Obrolan absurd itu terus berlanjut sampai mereka tiba di depan restoran yang mereka tuju.
Sebuah tempat yang cukup tenang, dengan suasana hangat dan elegan.
Karena belum memasuki jam makan malam, restoran itu tidak terlalu ramai. Hanya beberapa meja yang terisi, kebanyakan pengunjung duduk santai sambil menikmati teh dan cemilan manis.
Tanpa perlu menunggu, mereka langsung mendapat tempat duduk.
Lily menarik kursinya perlahan, lalu duduk sambil masih mengingat pertemuan tak terduga dengan keluarga Raffi tadi.
Dan entah kenapa … di balik candaan mamanya, ada satu hal yang sempat terlintas di pikirannya.

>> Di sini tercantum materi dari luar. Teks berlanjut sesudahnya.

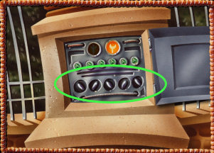 Pak het houten blokje (wooden block) op dat op de linker speaker ligt, open de inventaris en klik met het blokje op het raam (secure the window).
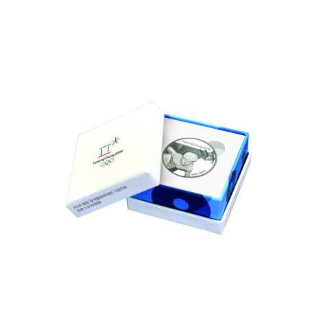 Deze zilveren munt, waarop de Olympische sport 'Shorttrack' is weergegeven, is geslagen in de hoogst mogelijke muntkwaliteit: Proof. De officiële herdenkingsmunt wordt geleverd in een hoogwaardige presentatiecassette met het logo van de Olympische Winterspelen 2018.
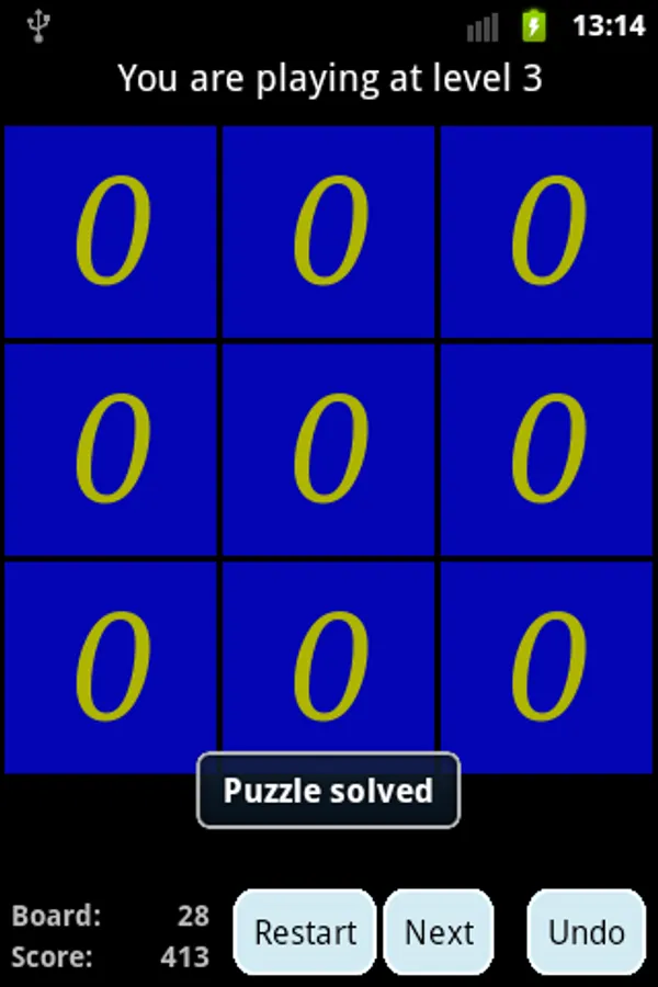 The object of this game is to end up with a board filled with only zero's. When you tap on a field the number in this field and all the neighbors (horizontal, vertical and diagonal) are decreased by one, hence the name minusOne.

Tapi bukan Raffi, melainkan tentang seseorang yang justru tidak ada di sana. Seseorang yang seharusnya tidak lagi ia pikirkan, seseorang yang bernama Mahardika Atmaja.
Eh tunggu.
Berarti Oma Gia itu mamanya si Om Dika itu, kan? Itu yang dibilang Vina dulu, Omanya Raffi cantik, memang tidak salah, sih.
Lily mengerjapkan mata cepat, seolah ingin menepis pikiran itu. Ia takut pikirannya jadi jauh dan kemana - mana.
"Fokus, Lily," ucapnya dalam hati sambil menatap daftar menu makanan yang sedang dipegangnya.